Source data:

......

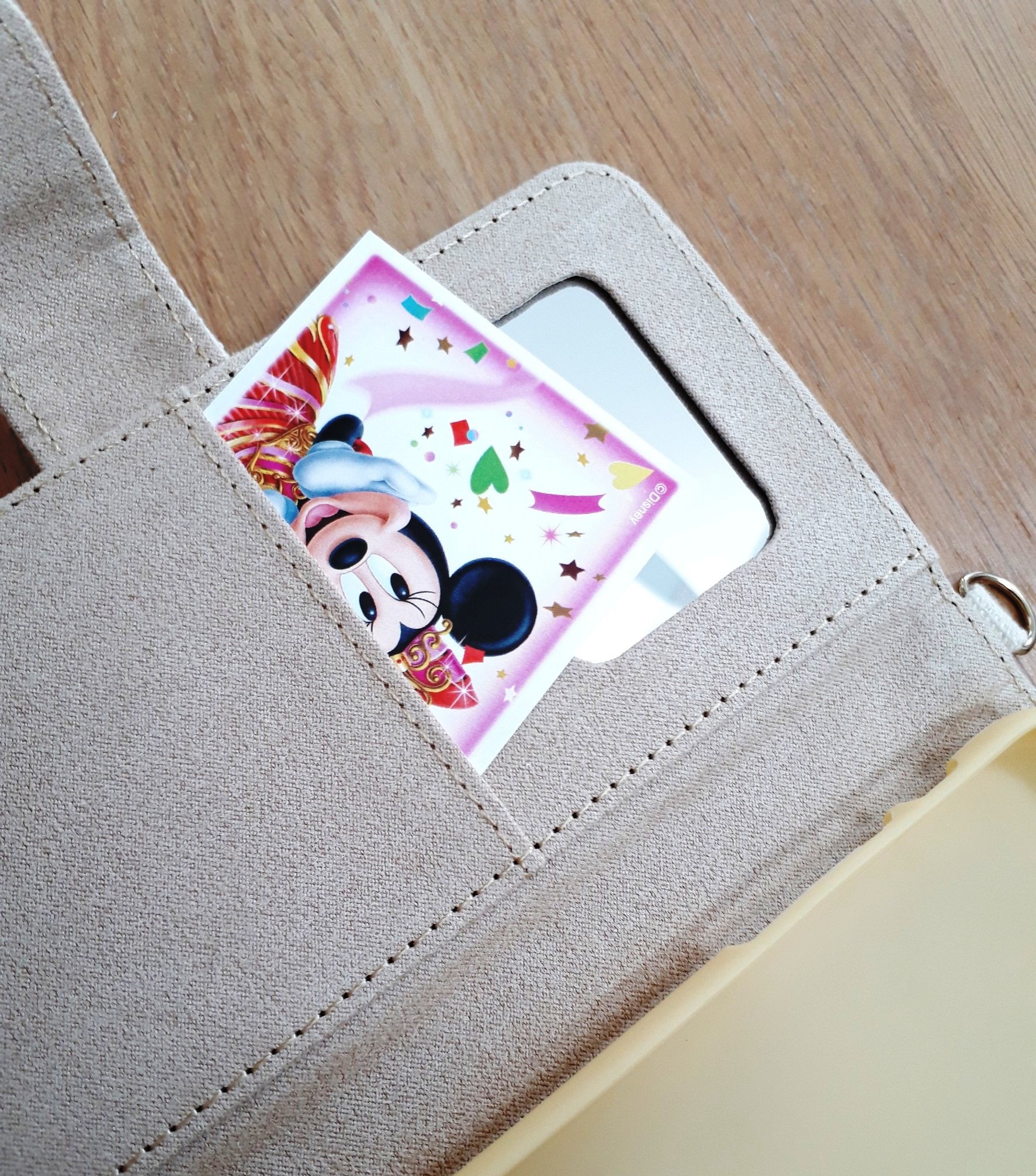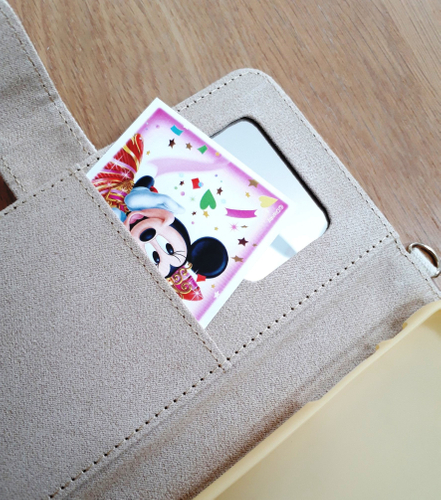 扉側には、もう一つうれしい機能が…定期はもちろん!ディズニーランドのパスポートも入れられちゃうポケット付きなんです。これでパストパスを取る時もストレスなく、パスポートを出せちゃいますね。
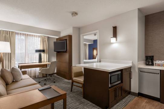 有 96 间特色装修的客房提供备有冰箱和炉灶的厨房;您定能在旅途中找到家的舒适。您的加厚层卧床备有高档床上用品。带有有线频道的 40 英寸平板电视可满足您的娱乐需求;同时提供免费无线网络,方便您与朋友保持联系。便利设施包括电话,以及书桌和微波炉。
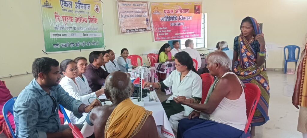 घरघोड़ा क्षेत्र के ढोरम में स्वास्थ्य जांच शिविर आयोजित, विशेषज्ञ डॉक्टरों ने की नि:शुल्क जांच
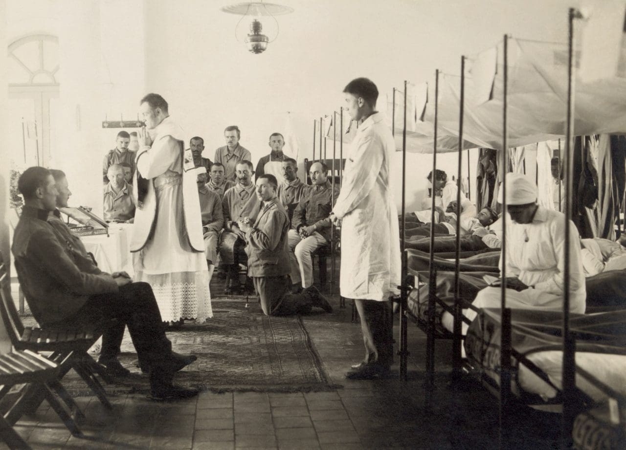 Joinain muina viikkoina asiat ovat paremmin ja tuo 24-vuotias sotamies pääsee ripittäytymään ja sotilaspappi tulee vierailemaan joukkueen luona ja jakaa miehille ehtoollista. Kalenteriinsa ja päiväkirjaansa sotamies piirtää vähän erilaisia ristejä sen mukaan, onko päässyt ripittäytymään, onko saanut nauttia ehtoollista vai onko joutunut vain muistelemaan messun liturgian mielessään. Harvinaisin merkintä sotapäiväkirjassa on niiden sunnuntaiden kohdalla, joina hän on päässyt osallistumaan jumalanpalvelukseen ranskalaisessa kyläkirkossa jossain länsirintaman suunnalla.
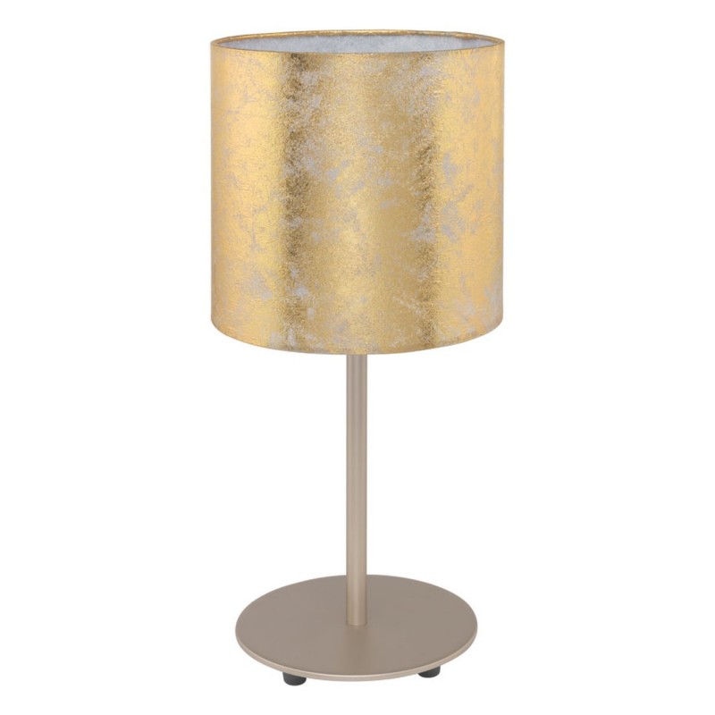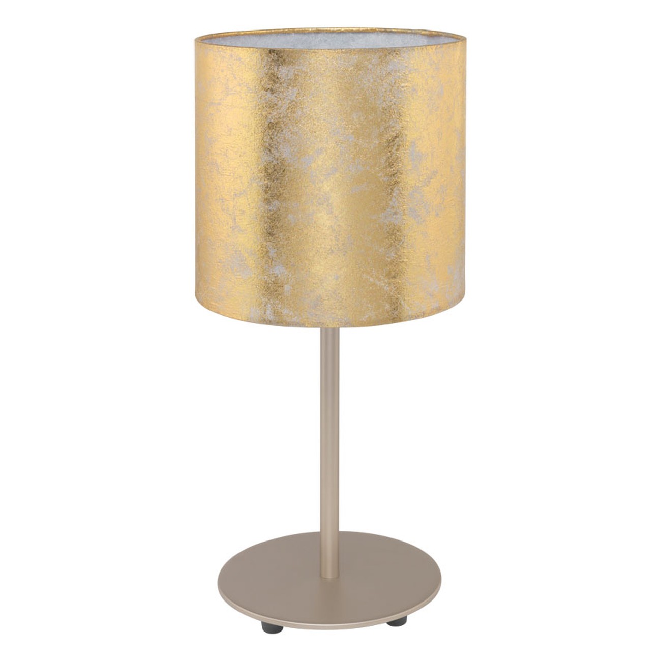 Moderné svietidlá Viserbella sú vyrobené z ocele vo farbe champagne a textilu vo farbe zlata. |

......

EXERCISE AIM: Write out, word for word, the lines running from the one containing "有 96 间特色装修的客房提供备有冰箱和炉灶的厨房;您定能在旅途中找到家的舒适。您的加厚层卧床备有高档床上用品。带有有线频道的" to the end of the data above; the pictures are to be left out.

THE COMPLETED TASK:
 有 96 间特色装修的客房提供备有冰箱和炉灶的厨房;您定能在旅途中找到家的舒适。您的加厚层卧床备有高档床上用品。带有有线频道的 40 英寸平板电视可满足您的娱乐需求;同时提供免费无线网络,方便您与朋友保持联系。便利设施包括电话,以及书桌和微波炉。
 घरघोड़ा क्षेत्र के ढोरम में स्वास्थ्य जांच शिविर आयोजित, विशेषज्ञ डॉक्टरों ने की नि:शुल्क जांच
 Joinain muina viikkoina asiat ovat paremmin ja tuo 24-vuotias sotamies pääsee ripittäytymään ja sotilaspappi tulee vierailemaan joukkueen luona ja jakaa miehille ehtoollista. Kalenteriinsa ja päiväkirjaansa sotamies piirtää vähän erilaisia ristejä sen mukaan, onko päässyt ripittäytymään, onko saanut nauttia ehtoollista vai onko joutunut vain muistelemaan messun liturgian mielessään. Harvinaisin merkintä sotapäiväkirjassa on niiden sunnuntaiden kohdalla, joina hän on päässyt osallistumaan jumalanpalvelukseen ranskalaisessa kyläkirkossa jossain länsirintaman suunnalla.
 Moderné svietidlá Viserbella sú vyrobené z ocele vo farbe champagne a textilu vo farbe zlata. |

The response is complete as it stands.